* [Try it]: Restate word for word the material below, starting at the line that contains "That’s it! You" and stopping after the last line; skip pictures.

# # # # # # #

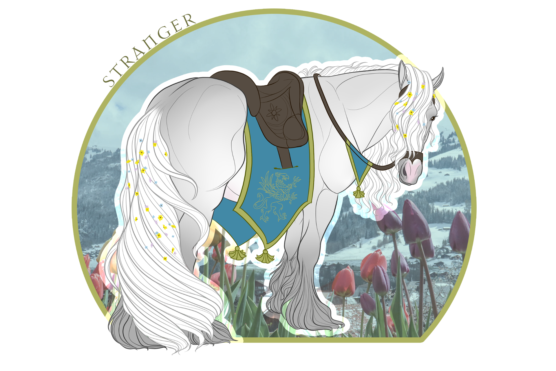 Pets // Foglet, a dapple-grey Percheron mare and Ia's sweet gentle giant. An opossum named Mandrake, who she rescued and often has resting on her shoulder, lap, or somewhere nearby. Also, a mangy feral tomcat who she's yet to name.
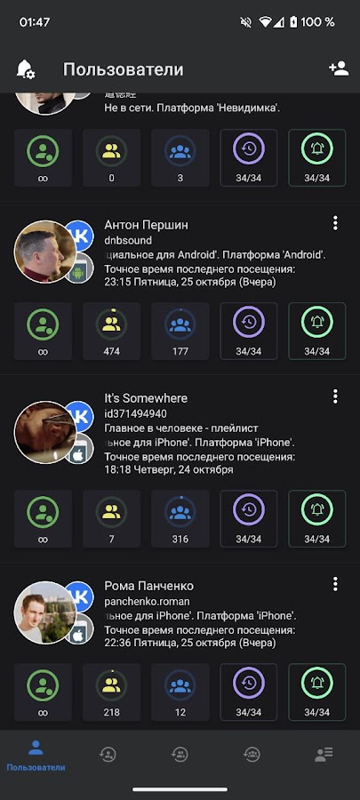 👉 Уведомления о действиях выбранных пользователей VK(ВКонтакте), вне зависимости от наличия пользователя в списке твоих друзей.
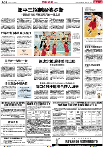 海南日报 体育新闻综合 009 2015-09-061 2015年09月06日 星期日
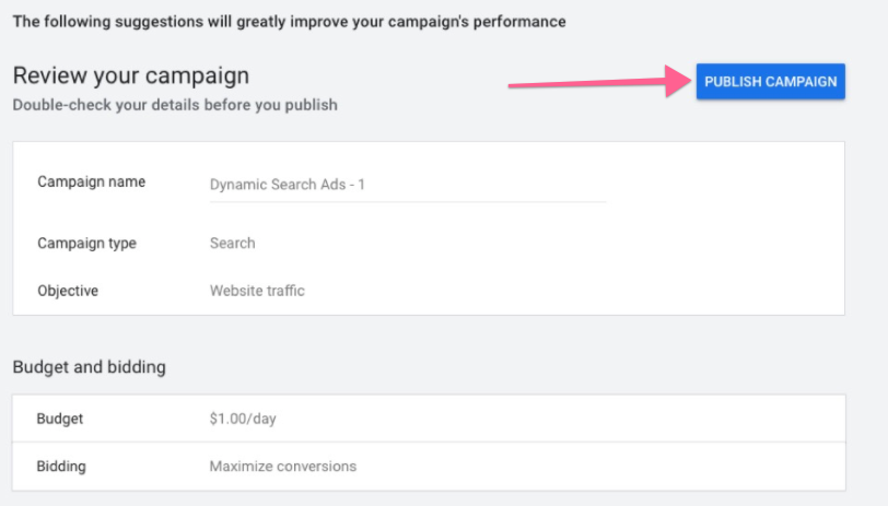 That’s it! You have now set up and published your dynamic search ad campaign.
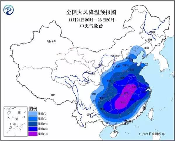预计,受寒潮影响,21日夜间至24日,我国中东部大部地区将自北向南先后出现大范围大风降温天气,平均气温将普遍下降6~10℃。 其中,陕西南部、黄淮中西部、江淮中西部、江汉、江南中西部、华南北部以及四川东北部、重庆东部、贵州中东部等地气温将下降12~14℃,河南南部、安徽西部、湖北中东部、湖南大部、广西东北部等地的部分地区降温可达16℃以上。 上述地区伴有4~6级偏北风,东部和南部海区风力有7~8级,阵风9~10级。 这次寒潮到底有多“冻人”? 从气象部门的动作来看,此次的寒潮确实不容小觑。那么具体有多凶猛呢? 除了局地降温将超16℃,多地气温将创入冬以来新低。此次寒潮天气将致使我国多地出现今年入冬以来最低气温,部分地区还可能破历史记录。其中24日凌晨,华北平原北部最低气温将达到-10℃左右,最低温度0℃线将位于江南北部,江南南部和华南北部最低气温将达到4~8℃!届时,近日还在秀短袖的南方小伙伴们也该秋裤(甚至毛裤、棉裤)上身了!
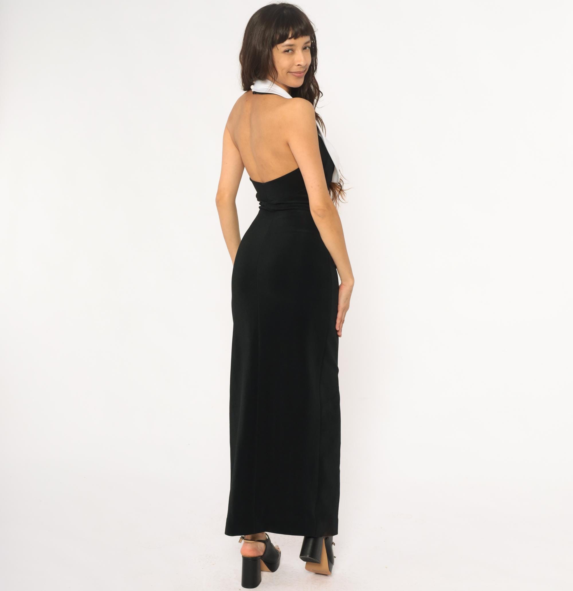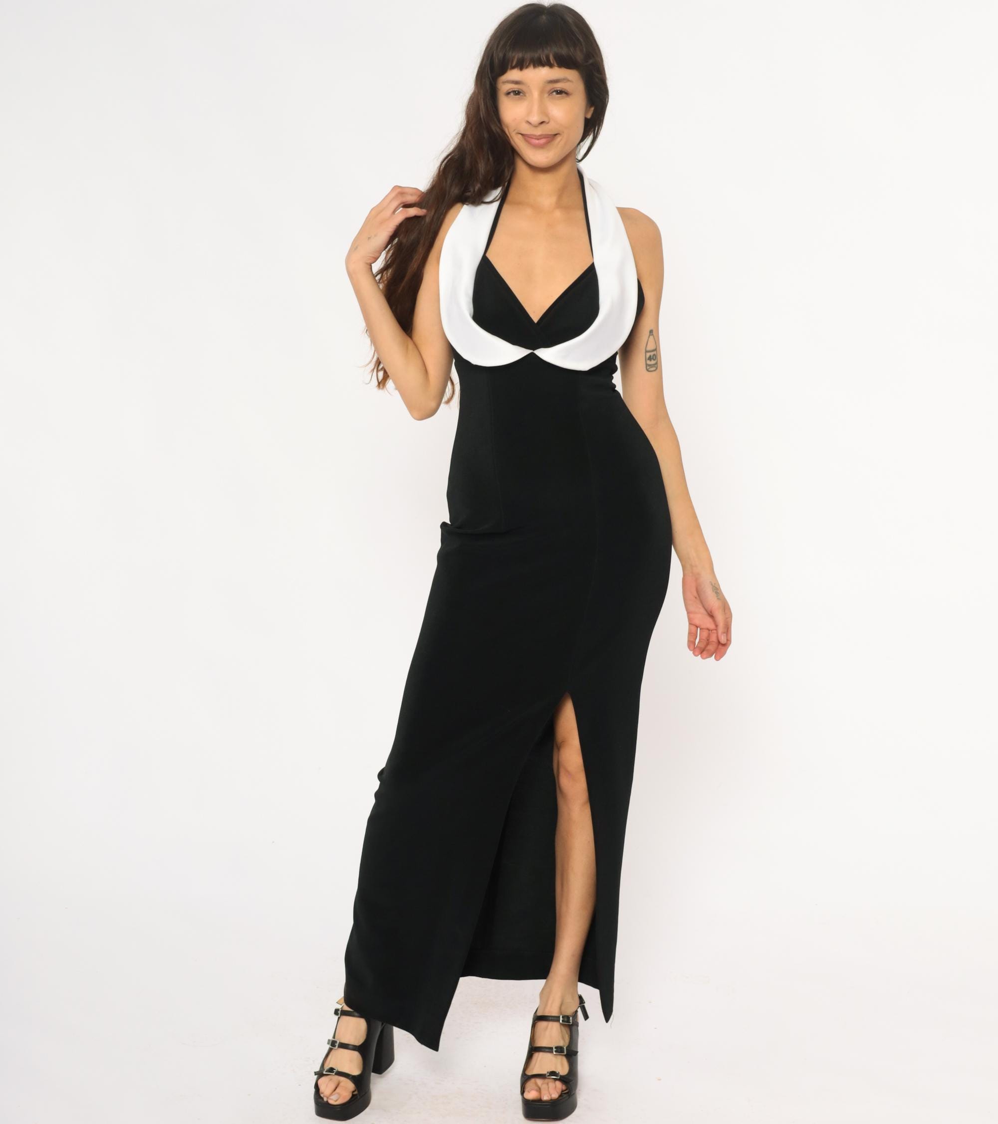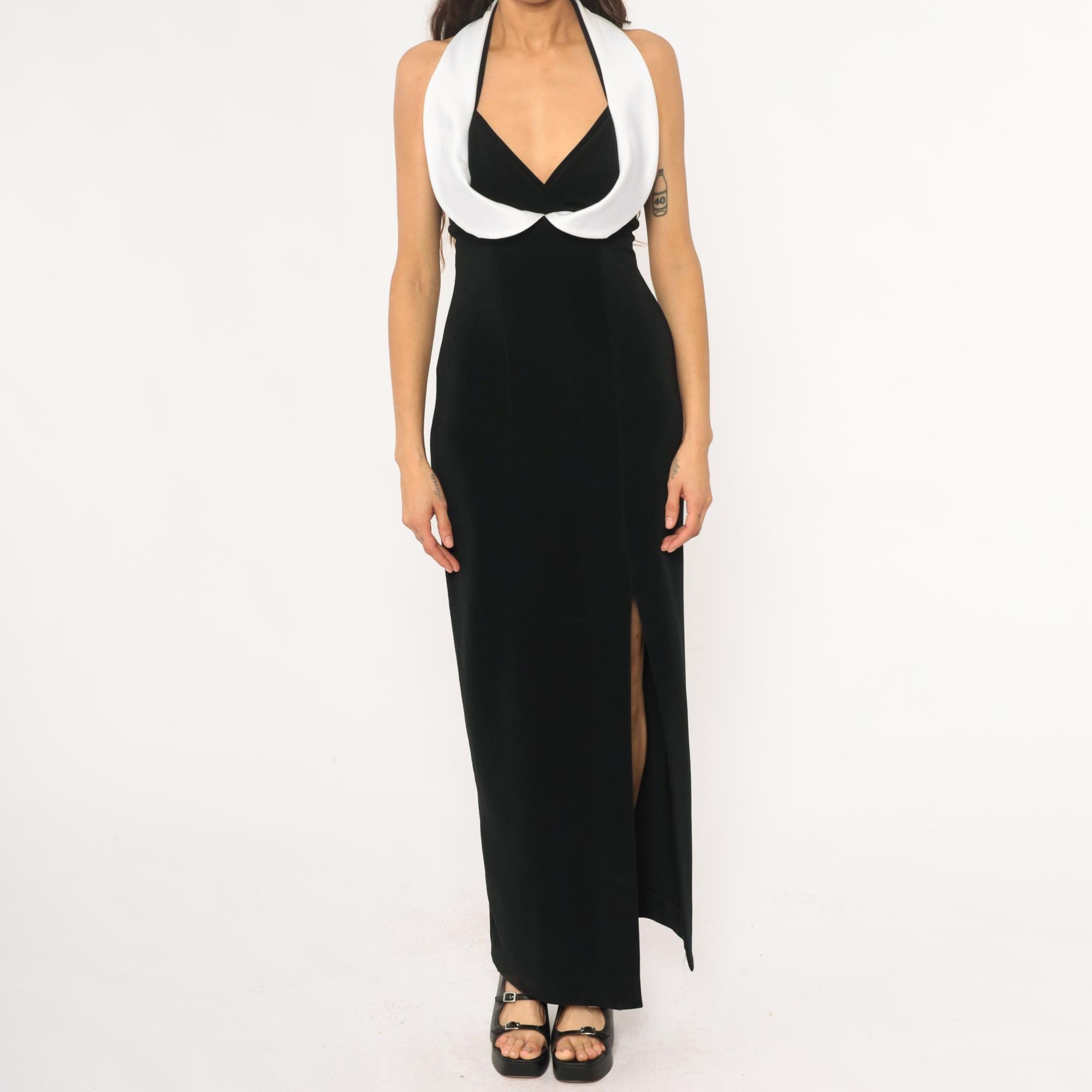 90s black maxi dress from cache with white contrast collar detail framing the halter neckline. Backless design with halter tie at neck, fitted silhouette through body, side slit at hem.

# # # # # # #

* [Response to this exercise]:
 That’s it! You have now set up and published your dynamic search ad campaign.
预计,受寒潮影响,21日夜间至24日,我国中东部大部地区将自北向南先后出现大范围大风降温天气,平均气温将普遍下降6~10℃。 其中,陕西南部、黄淮中西部、江淮中西部、江汉、江南中西部、华南北部以及四川东北部、重庆东部、贵州中东部等地气温将下降12~14℃,河南南部、安徽西部、湖北中东部、湖南大部、广西东北部等地的部分地区降温可达16℃以上。 上述地区伴有4~6级偏北风,东部和南部海区风力有7~8级,阵风9~10级。 这次寒潮到底有多“冻人”? 从气象部门的动作来看,此次的寒潮确实不容小觑。那么具体有多凶猛呢? 除了局地降温将超16℃,多地气温将创入冬以来新低。此次寒潮天气将致使我国多地出现今年入冬以来最低气温,部分地区还可能破历史记录。其中24日凌晨,华北平原北部最低气温将达到-10℃左右,最低温度0℃线将位于江南北部,江南南部和华南北部最低气温将达到4~8℃!届时,近日还在秀短袖的南方小伙伴们也该秋裤(甚至毛裤、棉裤)上身了!
 90s black maxi dress from cache with white contrast collar detail framing the halter neckline. Backless design with halter tie at neck, fitted silhouette through body, side slit at hem.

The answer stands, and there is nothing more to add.